TinyWiki has some lessons here. It was created to house Perl Design Patterns, so the end goal is a book-like document. Like a Wiki or like the Everything Engine, it is composed of nodes. The standard Wiki idiom of category membership was barrowed, to good effect. The original Wiki, Ward's Wiki uses this. Wiki automatically creates links at the mention of a known compound word, and Wiki will tell you all of the pages linking to a page. By linking to a category index, people may link back from that category index to everything that links to it.

TinyWiki has an assemble.cgi script that attaches all referenced nodes from one node to the end of that node.
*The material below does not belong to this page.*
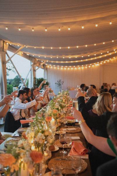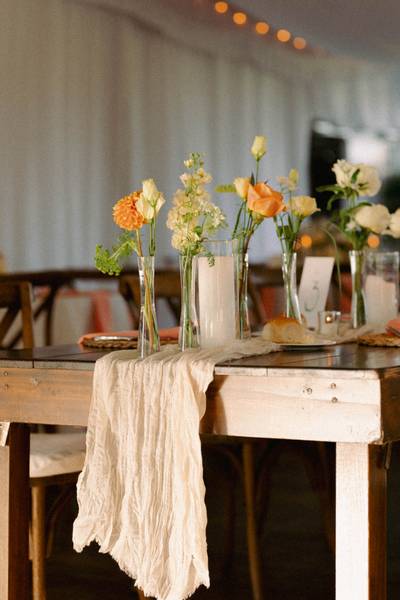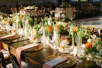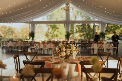 Kourtney & Tyler got married on a beautiful day in late September, celebrating under a tented reception at Saratoga National. The floral design was full of bud vases, taper candles, and details that felt like you were enjoying an intimate dinner in a Tuscan garden. The light coming into the tent right as guests transitioned from cocktail hour to reception was sheer perfection! We loved bringing K & T's vision to life and working with this warm and vibrant color palette.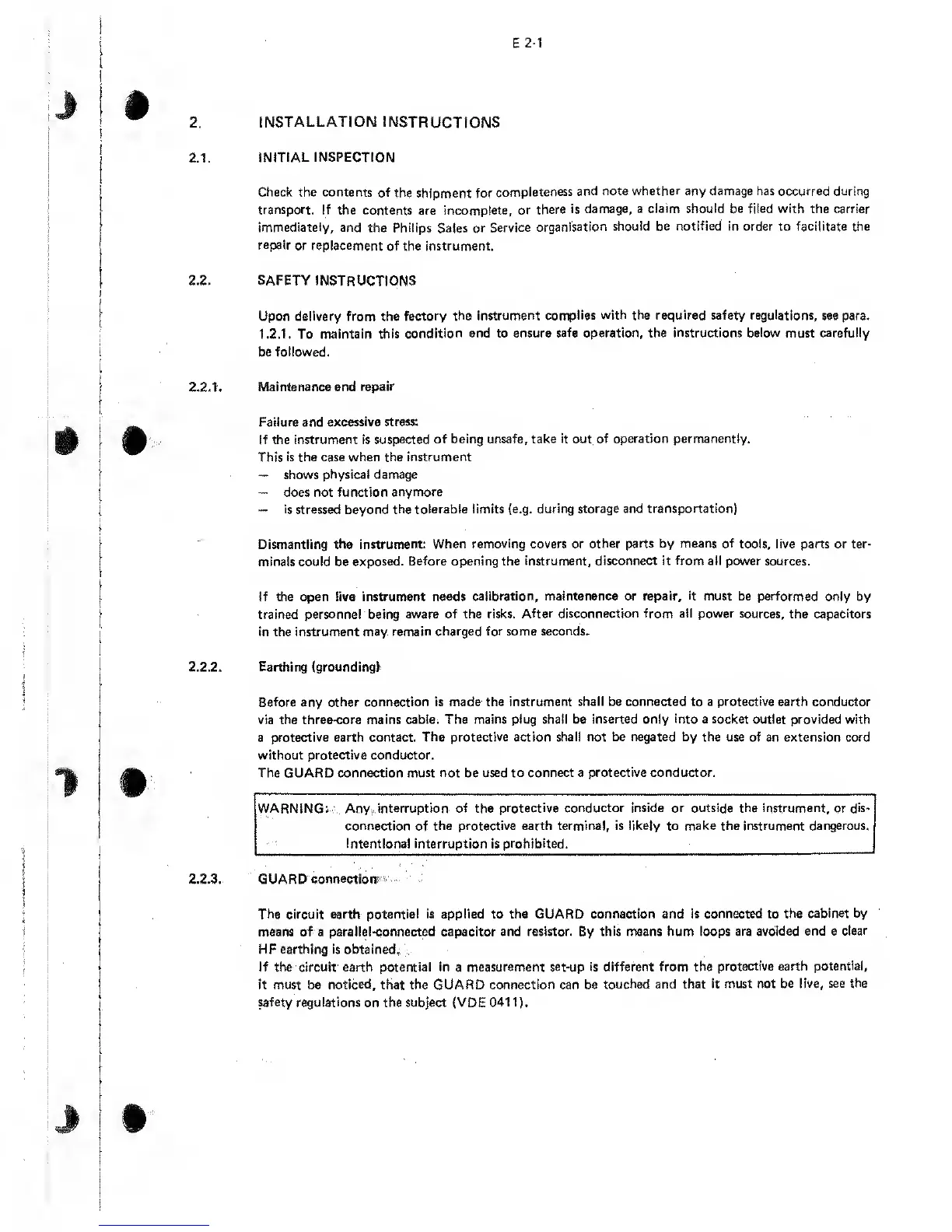the protective earth terminal, is likely to make the instrument dangerous.

Essentially, the starting node is the table of contents for a book, or a chapter, or some other document. It has no role but to list which nodes, and in which order, nodes should compose a book.

Recent edits has proven critical for Wikis as well. TinyWiki's lists all nodes last edits. This lets maintainers work both directions - update the least recently edited nodes and the most recently edited nodes - to bring things up to date or refactor them, and to answer questions and check peoples editorial work.

Refactoring is important. It is vital. An old page that duplicates the contents of a newer page may have the newer page merged in, or it may be merged into the newer page. Things are transient in a Wiki. Nothing is permenant. People contribute knowing that eventually their ideas are just fodder for something larger. In terms of an information system, redundancy is bad.

Cross referencing. Each new node links to related nodes by mention of keywords, but it requires attention from people who know their way around the site to edit old and new nodes and improve this cross referencing. If nodes don't link to related nodes, navigation is impossible. I find browsing Wards Wiki a great way to pass time, but leaving the beaten path of the home page on PerlMonks, and you're instantly in no-mans land.

Mechanisms help the process, but ultimately it boils down to, as Ward puts it, careful attention to detail.